これはシャイロックというユダヤ人の金貸しを、悪逆無道の典型として描き出し、その悪逆振りが正しい法によって裁かれることによって、正義がもたらされる、その過程をドラスティックに浮かび上がらせるために、こんな筋を持ち込んだのだろう。こう考えるのが普通ではないか。

だが人肉を抵当にとるという話は、歴史的な事情を踏まえれば、そんなに異常なことともいえない側面がある。人間の歴史の中には、今日の読者から見て異常と思えることが、異常でなかった時代がいくらでもあるのだ。

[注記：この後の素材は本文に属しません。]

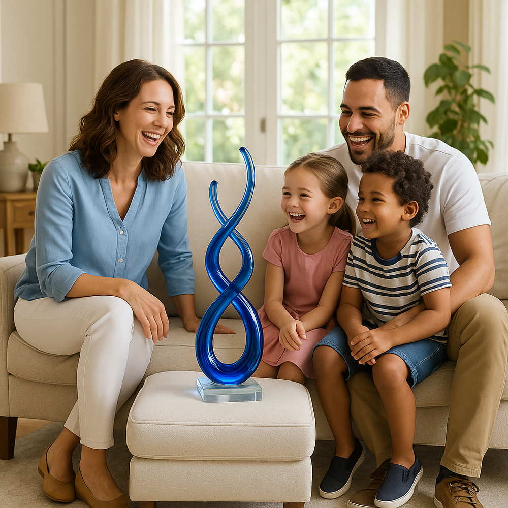 Transform your living space with this stunning 20" Clear and Blue Murano Glass Modern Abstract Tabletop Sculpture, an exquisite decorative accent that brings contemporary elegance and artistic sophistication to any environment. This expertly handcrafted sculpture is made from high-grade Murano style art glass in beautiful clear and blue hues that create a captivating visual display. The 20" Clear and Blue Murano Glass Modern Abstract Tabletop Sculpture represents the perfect fusion of traditional glassmaking techniques and modern abstract design, making it an ideal centerpiece for living rooms, dining areas, or office spaces. Crafted by skilled artisans using all-natural, environmentally sustainable materials, this piece ensures that no two sculptures are exactly alike, making each one truly unique. The contemporary styling and abstract form create visual interest while the translucent glass properties allow light to play beautifully through the piece, adding dimension and sparkle to your décor. Due to the genuine nature of the materials and expert craftsmanship, slight variations or bubbles may appear, adding to the authentic artisanal character.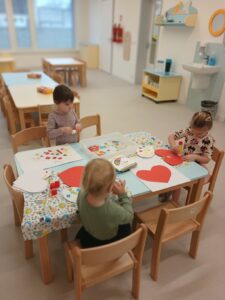 Únor jsme si zpříjemnili oslavou svátku svatého Valentýna. Děti vyráběly krásná srdíčka, která s radostí věnovaly svým maminkám.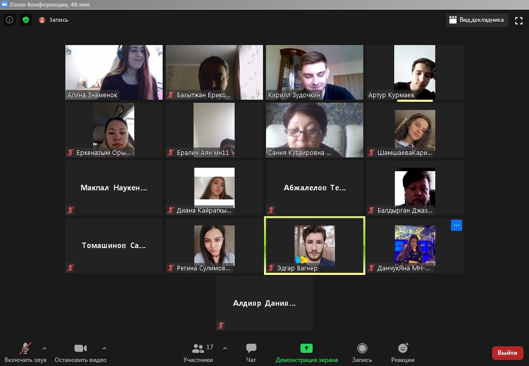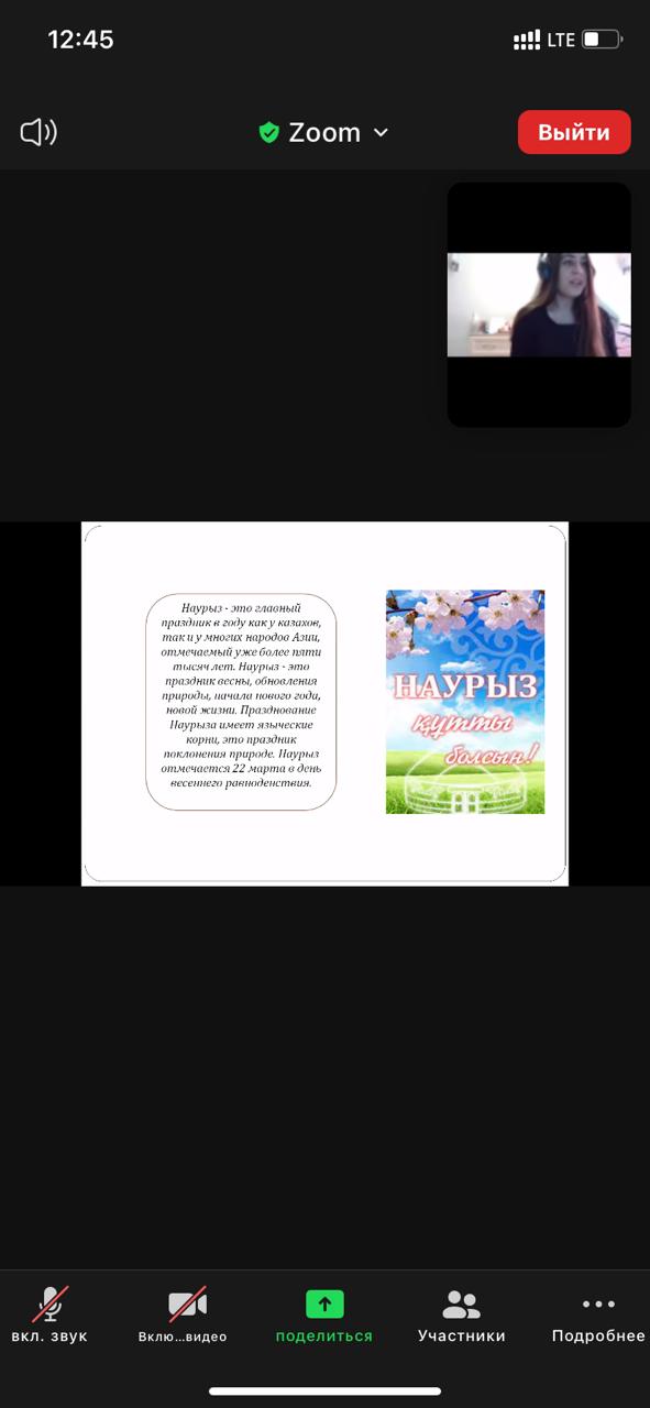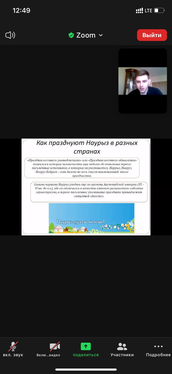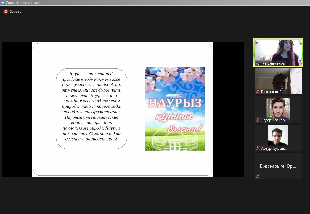 В рамках педагогической практики магистрантов 2020-2021 года, студенты группы МН-11 НП в лице студентов А. Знаменок и К. Зудочкиным провели кураторский час в честь прошедшего национального праздника «Наурыз» под руководством научного руководителя к.э.н профессора Легостаевой А.А.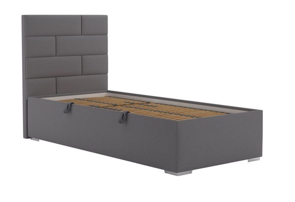Oblíbená. moderní a designová postel s vysokým čelem, cena je včetně lamelového roštu. Pevný lamelový rošt s nastavením tuhosti lamel a s popruhem proti přetížení. Rošt se skládá z 28 lamel uložených ve výkyvných kaučukových pouzdrech. Snadnější manipulaci při otevírání úložného prostoru zajišťují pružinové mechanismy. Matrace není součástí postele, je možno ji dokoupit v sekci matrace. Součástí postele je úložný prostor, který se otevírá z boku postele.

シェイクスピアの時代に限定して考えても、借金をめぐる血なまぐさい話は日常の出来事だったと思われる。彼の生きていたイギリスは空前のインフレーションに悩まされていた。ひとびとは次々と破産し、また債務の奴隷になるものも多かった。そんな中でひとびとは非情な債権者から借金を取り立てられ、払えないで自殺するものも多かったのだ。

そんなひとびとの眼には、金貸しは人の血を吸って生きている連中であり、ときには借金のかたに人肉さえそぎとってはばからない連中だと意識されていたのである。

シェイクスピアの時代には金貸しはユダヤ人には限らなかったが、ユダヤ人の多くは金貸しを営んでいた。金貸しもユダヤ人も憎しみの的だったところへ、そのふたつの属性が一つの人格の中で融合したとき、それは最も忌まわしいもののシンボルとなりえたはずだ。

「ヴェニスの商人」における人肉裁判のシーンはだから、人々の憎しみの的である金貸しのユダヤ人が正義によって裁かれなければならぬという、当時の民衆の素朴な感情に合致するものでなければならなかった。

シェイクスピアはこのシーンで「正義とは何か」という問題を取り上げているのだが、正義とはそんなに単純なものではない。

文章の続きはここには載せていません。